#### Supplied data
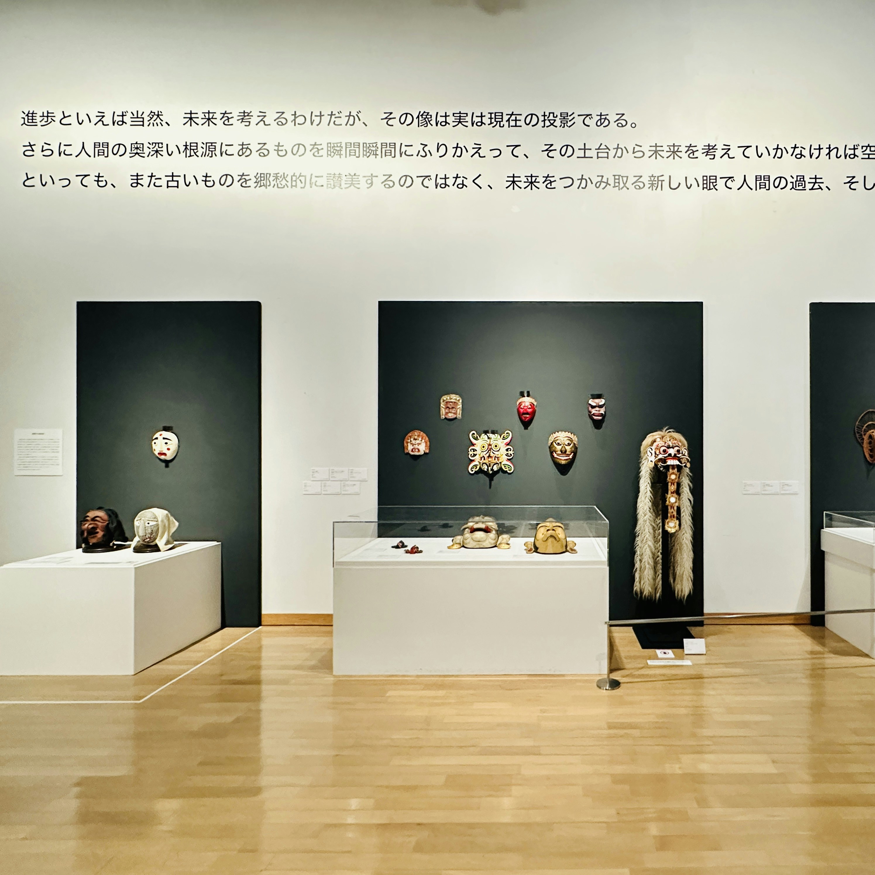 テーマ展示の地下空間は「過去・根源の世界」を表現するためにいくつかのゾーンに分かれ、「いのり」の空間では人類の心の奥深くに通底するものとして、世界各地から収集された仮面や神像などの民族資料が展示された。原初的で神聖な祭壇を想起させる展示プランも、岡本の発案だ。
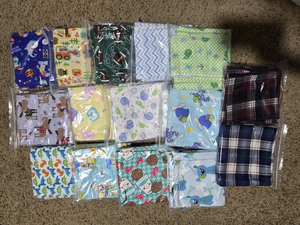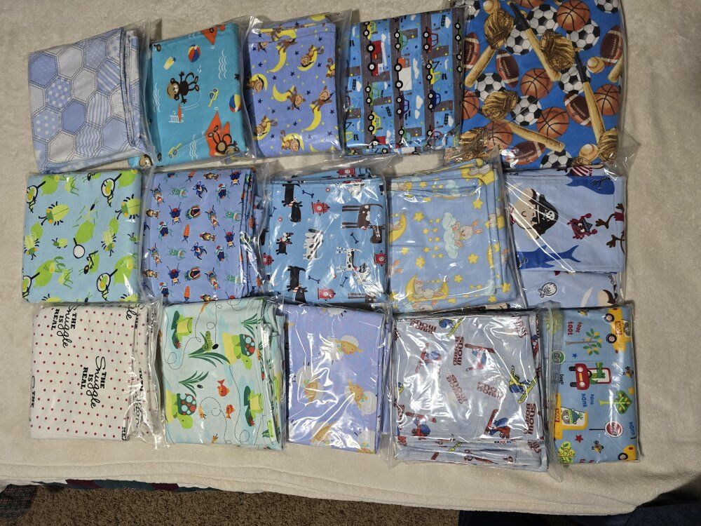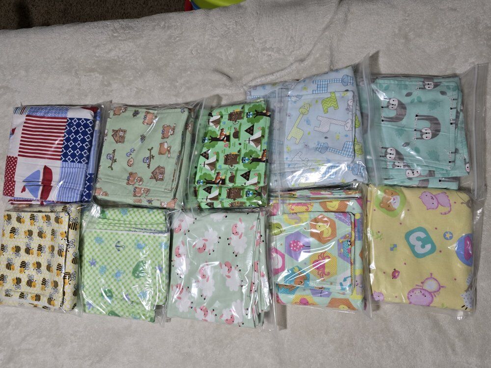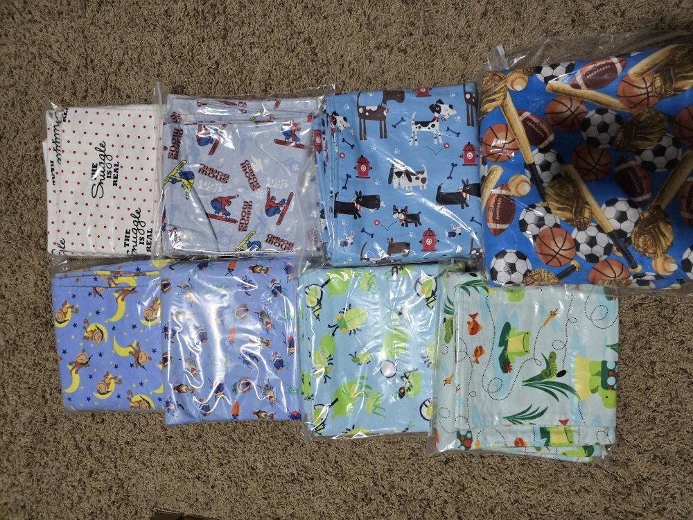 VenmoREDUCED PRICE Snuggly warm baby blankets with matching burp cloths. 36"x36" soft, double layered flannel is wonderful for swaddling. Lots of darling patterns. *Pictures have been updated. Willing to make a deal if multiple sets are purchased.
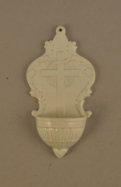 GIEN. Petit BÉNITIER ROCAILLE en faïence monochrome, au panier tressé et à la croix ensoleillé.
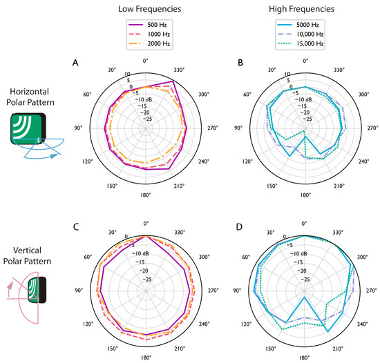 - Rayburn, R.A.; Eargle, J. Eargle’s Microphone Book: From Mono to Stereo to Surround: A Guide to Microphone Design and Application, 3rd ed.; Focal Press/Elsevier: Waltham, MA, USA, 2012; ISBN 978-0-240-82075-0. [Google Scholar]

#### Exercise
The span to retype runs from the line containing "GIEN. Petit BÉNITIER" through the last line of the listing above, both ends included; copy it exactly, without pictures.

#### Written answer
 GIEN. Petit BÉNITIER ROCAILLE en faïence monochrome, au panier tressé et à la croix ensoleillé.
 - Rayburn, R.A.; Eargle, J. Eargle’s Microphone Book: From Mono to Stereo to Surround: A Guide to Microphone Design and Application, 3rd ed.; Focal Press/Elsevier: Waltham, MA, USA, 2012; ISBN 978-0-240-82075-0. [Google Scholar]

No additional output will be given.